Hansa Biopharma (Nasdaq Stockholm: HNSA), a trailblazer in enzyme technology aimed at tackling rare immunological diseases, has announced the completion of patient enrollment in its promising phase 2 clinical study of imlifidase for Guillain-Barré Syndrome (GBS). The study’s top-line data is eagerly awaited and set for disclosure in late 2023. Søren Tulstrup, Hansa Biopharma’s CEO and President, highlighted the significance of this study in assessing the therapeutic benefits of the company’s groundbreaking antibody-cleaving enzyme technology for rare immunological disorders.
Conducted across the United Kingdom, France, and the Netherlands, the multi-center, open-label, single-arm phase 2 trial is designed to explore the safety, tolerability, and efficacy of imlifidase in combination with standard-of-care (SoC) intravenous immunoglobulin (IVIg) for GBS patients. Prior to initiating SoC treatment, trial participants received imlifidase. Once the single-arm study’s database is locked, the efficacy outcomes will be compared to a matched external cohort from the International Guillain-Barré Syndrome Outcome Study (IGOS) database, situated at the Erasmus Medical Centre in Rotterdam, Netherlands. The results of this comparative efficacy analysis are slated for release in 2024.
Professor Shahram Attarian, an esteemed authority in the Department of Neuromuscular Diseases and ALS at Hopitaux Universitaires de Marseille (APHM) and the International Coordinating Principal Investigator for the Phase 2 study, underscored the vital role of rapid diagnosis and intervention in GBS management. Imlifidase, by virtue of its innovative approach to quickly and effectively lowering IgG levels, could herald a revolutionary change in treatment options for GBS patients.

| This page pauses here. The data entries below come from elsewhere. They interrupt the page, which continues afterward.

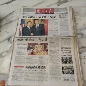 南方日报。2003年12月10日。四开24版。美国从根本上不支持台独。粤澳合作确定十年大计。三省三年解决拖欠工程款民工工资优先偿付违规企业将被曝光,未还清欠款不得上新项目。立白饮埋件艳阳2003广州纪事之二(抗击非典)。柯受良猝死上海滩。
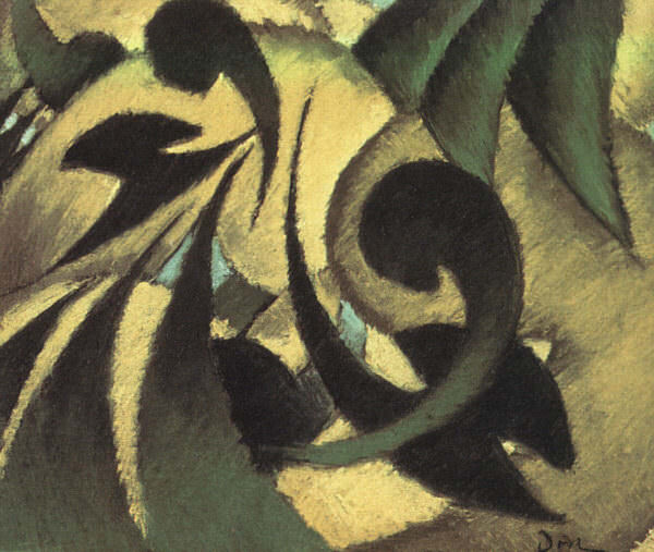 Возможно, это крупный план картины с деревом на переднем плане и голубой вазой в центре картины с правой стороны.
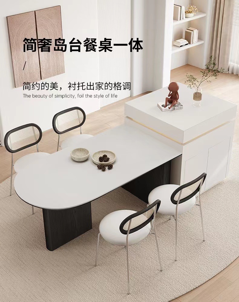 Mesa de península de madera maciza mesa de comedor integrado hogar pequeño apartamento moderno simple madera maciza ovalada de alta gama placa de roca mesa de comedor
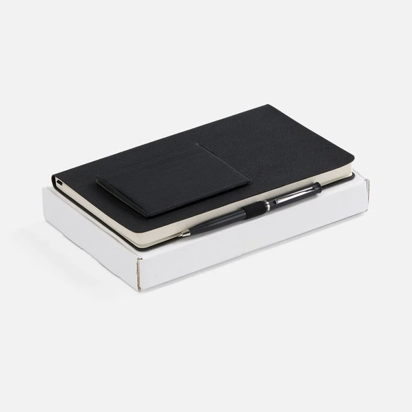 Набор выполнен в черном цвете, что придает ему строгость и универсальность. Он станет отличным бизнес-подарком для сотрудников, клиентов или партнеров.
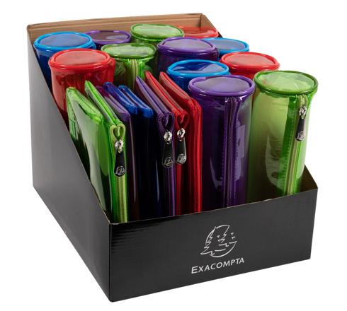 Exacompta Iderama PVC Pencil Cases A coloured and semi-transparent case to find everything faster! 2 shapes and 4 colours available under the same product code. Trade only: Supplied in a display of 20 assorted pencil cases.
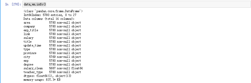 # return (float(low) + float(high))/2*10/12low, high = re.findall(pattern=pat_W, string=data)[0]return (float(low)+float(high))/2*10/12if 'K' not in data and '月' in data:low,high = re.findall(pattern = pat,string = data)[0]return (float(low) + float(high))/2/1000data_wx['salary_clean'] = data_wx['salary'].apply(get_salary)
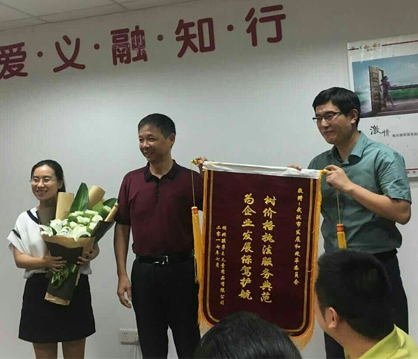 培训结束,为表达对武汉市物价监督检查局的感谢,湖北孩子王儿童用品有限公司特意送上了题为“树价格执法服务典范,为企业发展保驾护航”的锦旗。
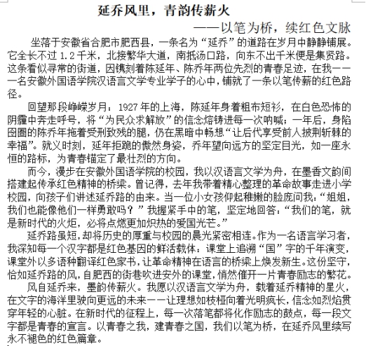 在“红色传承 青春韵笔”爱国主题征文活动中,同学们踊跃投稿,纷纷以笔尖传递真情。文章内容或追溯革命先辈的感人事迹,或结合自身成长经历畅谈对家国情怀的理解,或立足新时代展望青年一代的使命担当。一篇篇情真意切的文字,充分展现了我校学子深厚的爱国热情和积极向上的精神风貌。

Guillain-Barré Syndrome is a rare, acute, paralyzing, and inflammatory condition that impacts the peripheral nervous system, with an annual incidence of 1-2 cases per 100,000 individuals. GBS is marked by the rapid, progressive weakening of the limbs, which can lead to severe paralysis. Under the current standard of care, about 25% of patients require extended mechanical ventilation, and 20% still cannot walk after six months. GBS has a fatality rate of 3-7% with standard care. In 2018, the US Food and Drug Administration awarded Orphan Drug Designation to imlifidase for the treatment of GBS.